With this study, which is currently among the largest phenotypic studies of Down syndrome to date, we have created a basic framework for filtering raw clinical text, extracting accurate ontological terms from those notes, and analyzing the phenotypic spectrum of a relatively common genetic syndrome. We have stratified HPO terms by patient frequency, and a document frequency-based odds ratio, and used the top 100 terms to understand the time-based distribution of HPO term data by patient visits, as well as the specific minimal age at which certain terms can be used to describe a patient. We also discovered some unique terms that have not been previously associated with Down syndrome and may be specific to this CHOP dataset.

However, this study has several limitations that need to be addressed. First, we need to obtain more information on the quality of the notes. When obtaining notes for a disorder such as Down syndrome, patients come into the hospital for all manner of visits, such as urology, cardiology, oncology, rheumatology, etc. Each department has a vastly different note format, varying significantly in quality, style, and length, both within and between departments. Our best attempt at filtering was a simple one meant to deal with the general lack of understanding about the various types of notes. Collaboration with physicians who have intimate knowledge of the clinical data specific to their department or cohort will allow us to obtain the most high-quality notes and create clusters of subgroups for the relevant phenotype. Due to the low signal-to-noise ratio that still exists largely due to this factor, we could not create useful clusters of patient subgroups.

Second, the methodology for obtaining our baseline patients could be further improved. We randomly grabbed patients with different reasons for visits to obtain a good distribution of phenotype, but as a result we had a nearly 5 to 1 ratio of DS notes to baseline notes for almost double the amount of baseline patients. This is quite unbalanced. It may be better to use a different, larger cohort as a true control background such as general patients coming for allergies and/or diseases that are extremely common and do not affect the health of the patient very much. Nevertheless, such a control set is still unlikely to address the issue that generally disease-free individuals may not visit many specialty departments or clinical geneticists or have as many detailed phenotypic descriptions as Down syndrome.

Our NLP pipeline is also generally simple. We only use MetaMap and, while we tested other tools and found it to be the best in terms of performance, we could create our own ensemble method, as a combination of MetaMap’s results and several other tools, for averaging the extracted terms. There are several instances where MetaMap annotated UMLS terms that were not in the notes at all, which were then translated into HPO terms. These became largely background noise but could be affecting the signal-to-noise ratio of the phenotypic information data on DS.

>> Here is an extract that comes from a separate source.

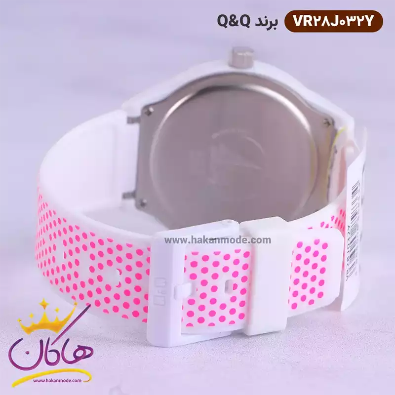 قفل ساعت دخترانه کیو اند کیو سفید بند خال خالی VR28J032Y

In the future, we would like to improve upon this pipeline and use a secondary validation site to validate these results and see if we can simultaneously increase the signal-to-noise ratio. We will also seek collaboration with other physicians and genetic counselors at CHOP to assist us in interpreting the notes of this and future phenotypes to ensure that we can further raise the quality and create a reproducible and fast pipeline for analyzing the phenotypic data of common diseases. After creating this pipeline, we would like to further subtype and group patients in order to better predict comorbidities and future diseases or phenotypes that may befall a patient, to ensure that preventative medicine can be used to combat them.

5. Conclusions

Our analysis profiled the spectrum of phenotypic features in patients with DS in the form of the HPO standardized terminology. We demonstrated that an NLP-based approach for extracting HPO terms has value for characterizing DS as a disease with subtypes and provided a quantitative measure of the HPO terms to facilitate future construction of phenotype-based patient sub-classification models, which will allow for clinical decision support and learning health systems. We hope that other researchers can utilize our methodology to characterize other common diseases with phenotypic subtypes and understand the time-based distribution of the phenotypic feature data.